** INPUT DATA follows **

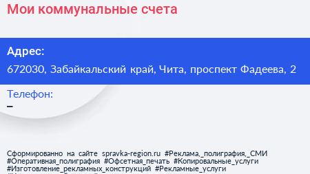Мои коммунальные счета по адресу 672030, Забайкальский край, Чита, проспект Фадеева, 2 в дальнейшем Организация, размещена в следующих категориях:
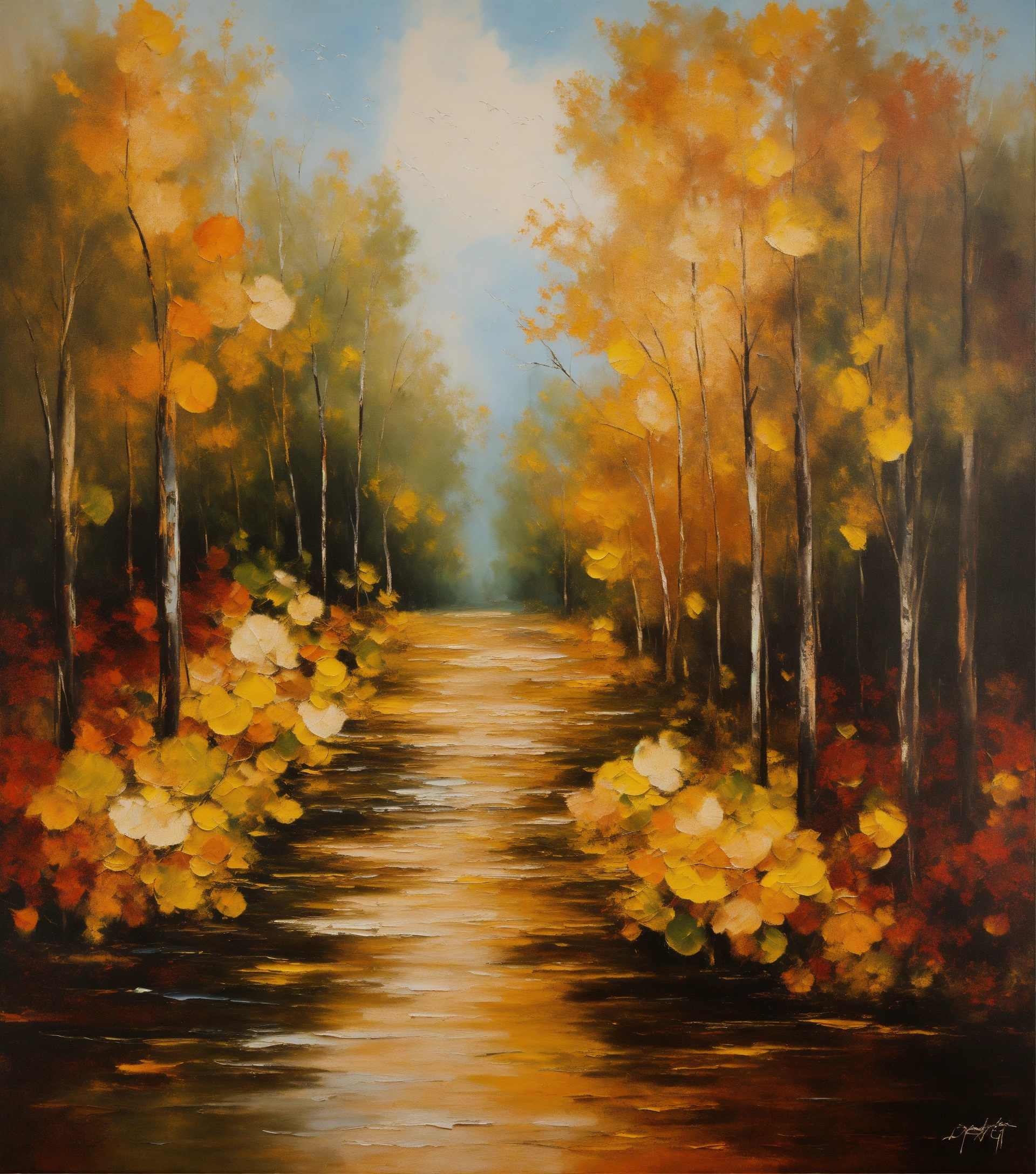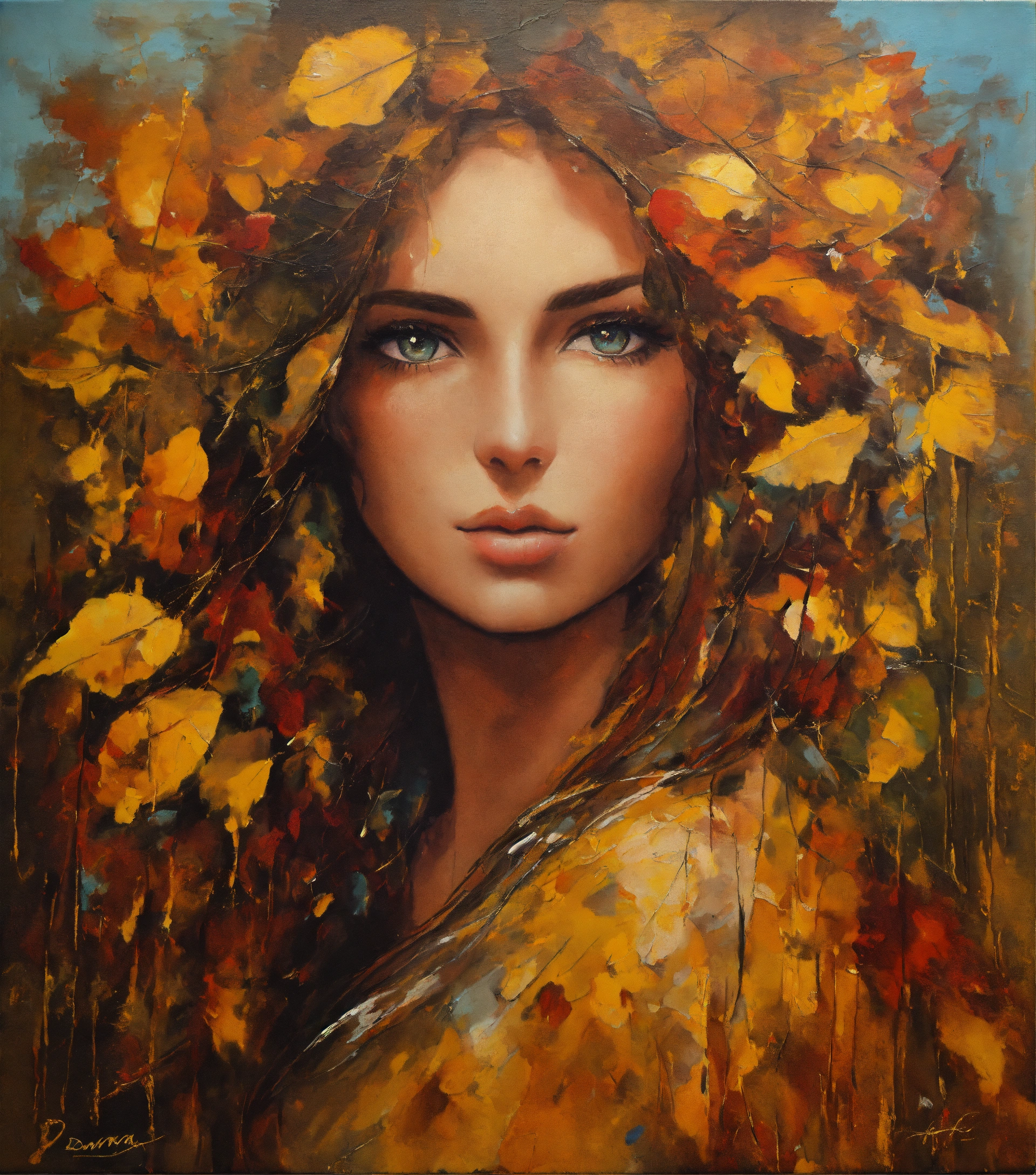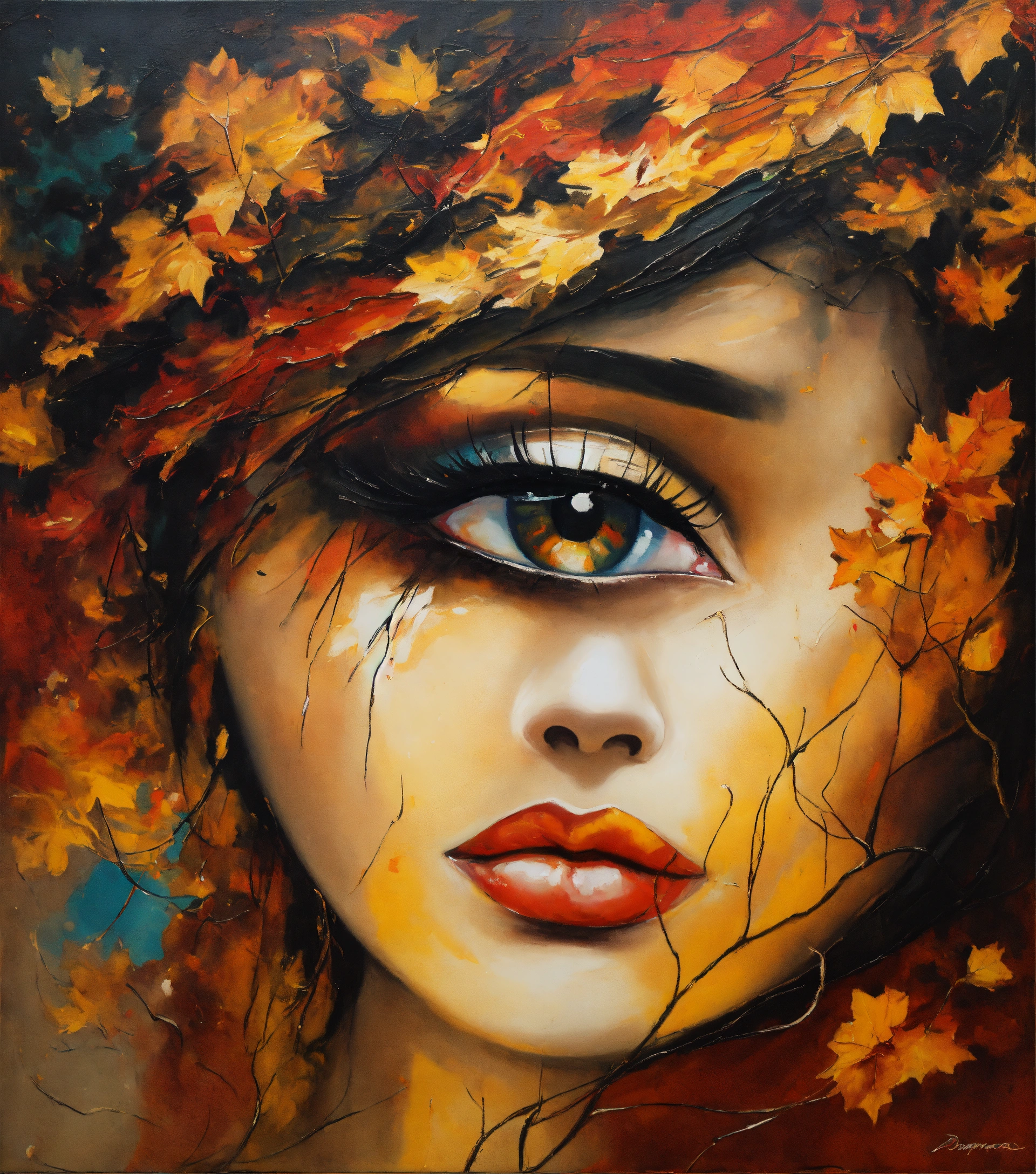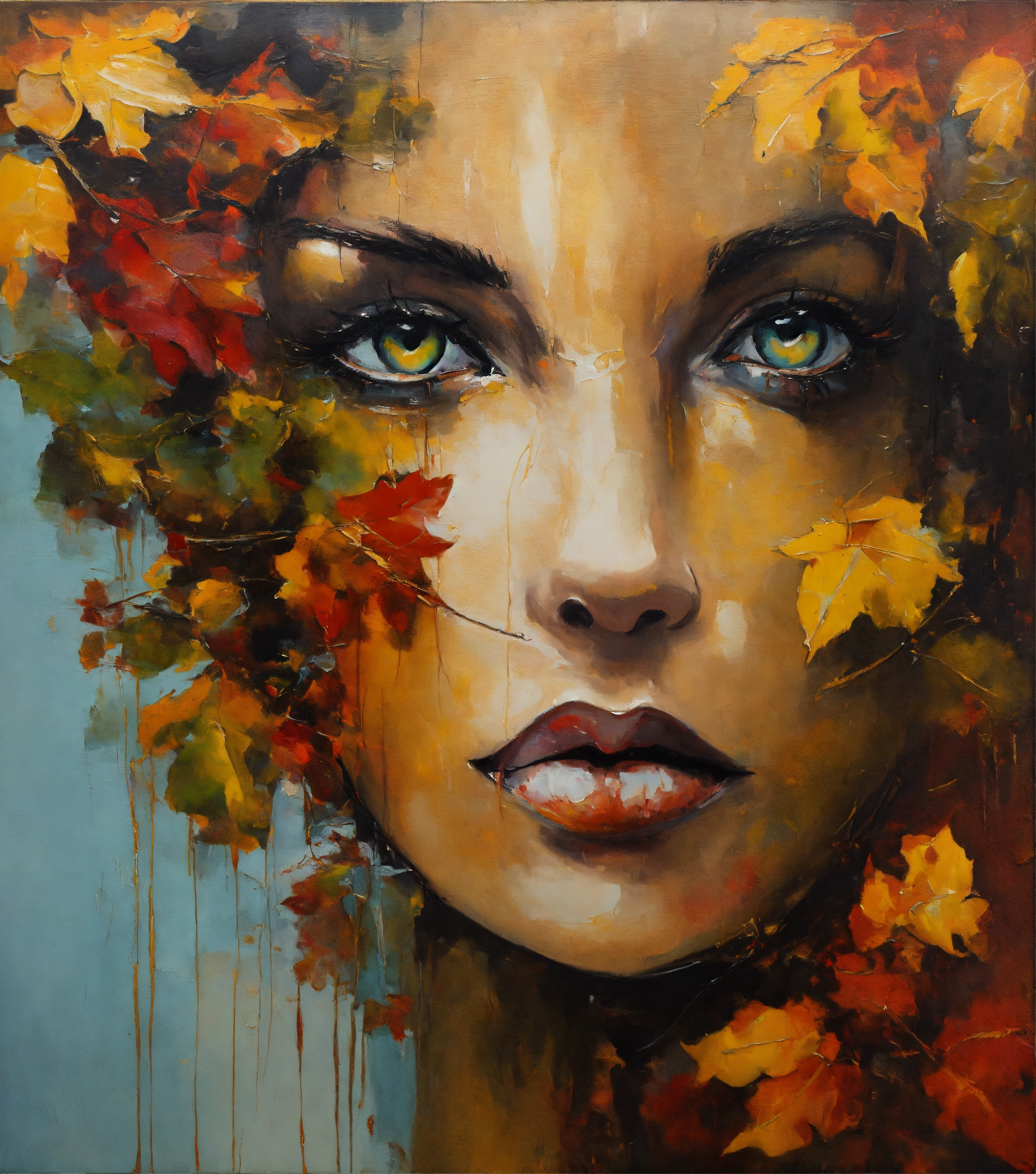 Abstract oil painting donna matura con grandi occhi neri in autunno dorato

** End of INPUT DATA **
** INPUT DATA follows **

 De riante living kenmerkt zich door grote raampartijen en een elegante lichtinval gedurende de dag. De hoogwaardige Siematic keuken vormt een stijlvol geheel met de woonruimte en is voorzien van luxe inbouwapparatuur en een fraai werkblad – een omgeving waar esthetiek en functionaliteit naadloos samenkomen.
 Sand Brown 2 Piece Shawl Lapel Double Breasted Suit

** End of INPUT DATA **

WHAT YOU NEED TO DO: From the data above, return every line from the line that has "De riante living" up to and including the line that has "Sand Brown 2", exactly.

OUTPUT BELOW:
 De riante living kenmerkt zich door grote raampartijen en een elegante lichtinval gedurende de dag. De hoogwaardige Siematic keuken vormt een stijlvol geheel met de woonruimte en is voorzien van luxe inbouwapparatuur en een fraai werkblad – een omgeving waar esthetiek en functionaliteit naadloos samenkomen.
 Sand Brown 2 Piece Shawl Lapel Double Breasted Suit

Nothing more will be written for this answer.